Genetic Analyses of Age at Onset Traits
Abstract
The identification of factors underlying complex trait variation is a major goal in
the field of genetics. For normally distributed, fully observed trait data there are
many well established statistical methods for partitioning phenotypic variation
and for mapping quantitative trait loci (QTL). Survival or time-to-event traits
often follow non-normal distributions and frequently contain partially-known
(or censored) trait data. If standard statistical methods are used to analyse
age at onset data a bias can be introduced through a failure to account for the
non-normal distribution of the data and the presence of censoring. Complex
statistical methods have been developed to partition trait variation and map
QTL for age at onset or survival traits. In this thesis, the use of these survival
analysis methods is compared to more established statistical methods for the
analysis of age-at-onset data.
A brief introduction to the analysis of human variation and the issues associated
with the analysis of age at onset data is given. The methods currently used to
partition trait variation and map QTL for survival traits are discussed (Chapter
1). Age-specific penetrances can be used to model the age-at-onset of disease
in unaffected individuals. This parametric method is used to identify loci
underlying susceptibility to a novel co-morbid psychiatric phenotype (depression
and unexplained swelling). The method is compared to a non-parametric
variance component (VC) QTL mapping method that does not account for the
age at onset of the disease. Parametric linkage analysis identified two suggestive loci, neither of which were supported by the standard variance component
analysis. VC analysis identified a suggestive linkage region on chromosome 14
which decreased upon fine mapping (Chapter 2).
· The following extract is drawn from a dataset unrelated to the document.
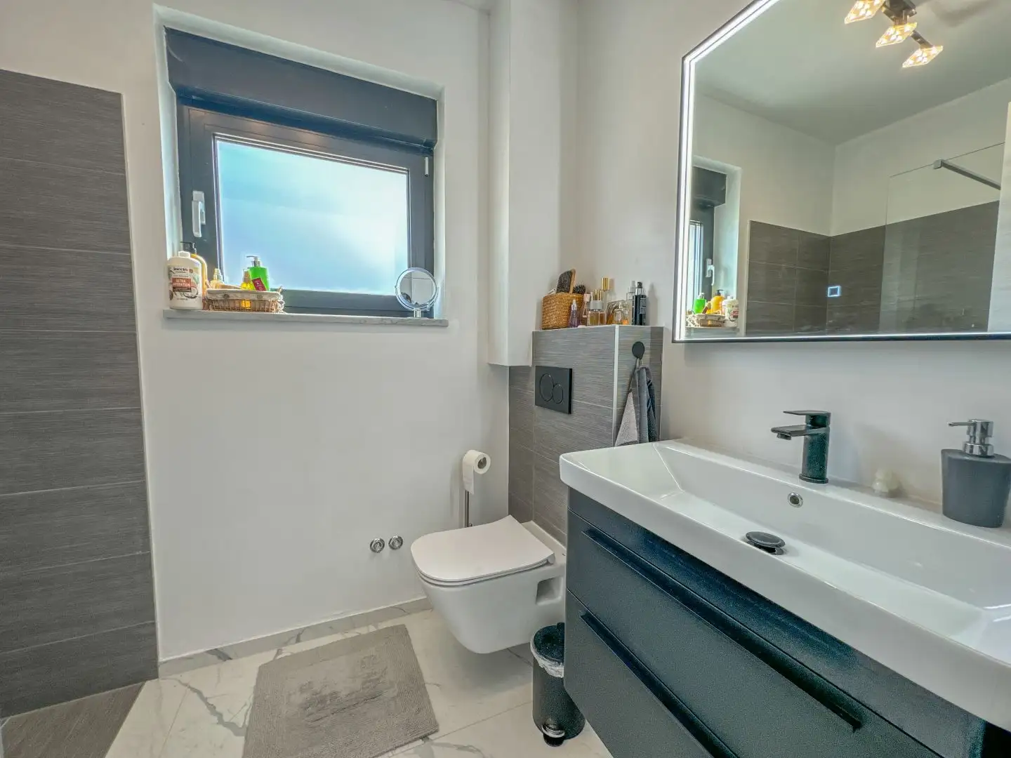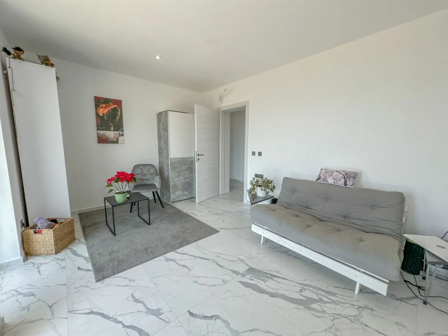 Нижний этаж имеет отдельный вход и включает в себя небольшую гостевую квартиру с двумя спальнями площадью 42 кв.м с выходом в сад, а также таверну/социальную зону/сауну/тренажерный зал площадью 47 кв.м. Эти помещения можно достичь по лестнице, которая проходит вдоль всего участка, так как вилла построена на склоне. Плавный склон позволяет квартире в подвале получать достаточно естественного света и иметь собственную садовую зону, несмотря на свое расположение.

Many of the current methods used to analyse survival data in human genetics
are based on methods originally derived by animal geneticists. The analysis of
survival traits in some experimental populations is simplified by the presence
of fully inbred lines. However, for complex traits the methods are both
computationally intensive and not widely available. A grouped linear regression
method is proposed for the analysis of continuous survival data in fully inbred
lines. Using simulation the method is compared to both the Cox and Weibull
proportional hazards models and a standard linear regression method that
ignores censoring. The grouped linear regression method is of equivalent power
to both the Cox and Weibull proportional hazards methods, is significantly
better than the standard linear regression method when censored observations
are present and is computationally simple (Chapter 3).
A sample of 446 monozygotic (MZ) twins, 633 dizygotic (DZ) twins and 223
siblings was used to partition the inter-individual variance in age at menarche.
The analysis was carried out using both a standard method which failed to
account for the censored nature of the data and a mixed effects Cox model
which fits a frailty model to the random effects. The standard methodology
suggested that an additive genetic model best described the data. The
most parsimonious model when using the frailty method included additive
genetic and common environmental effects (ACE). The difference between
the two models was caused by the different ascertainment of the siblings. The
frailty model estimated the heritability of age at menarche to be 0.57 (Chapter 4). In Chapter 5, a sample of 2,685 pseudo-independent sib-pairs is used in a genomewide
linkage scan for QTL underlying variation in age-at-menarche. The sample
comprises of the adolescent sample discussed in chapter 4, and three adult
cohorts. The proportion of censoring in the sample is 1.20% so a standard QTL
mapping method is used. Two QTL of suggestive significance are identified on
chromosomes 11p and 3p. The candidate genes WT1 and FSHB are located
within the linkage peak on 11p. After the removal of bivariate outliers a locus
on chromosome 12q was identified. No significant QTL were detected which
suggests age-at-menarche is influenced by multiple genes of small effect. The
thesis concludes with a general discussion (Chapter 6).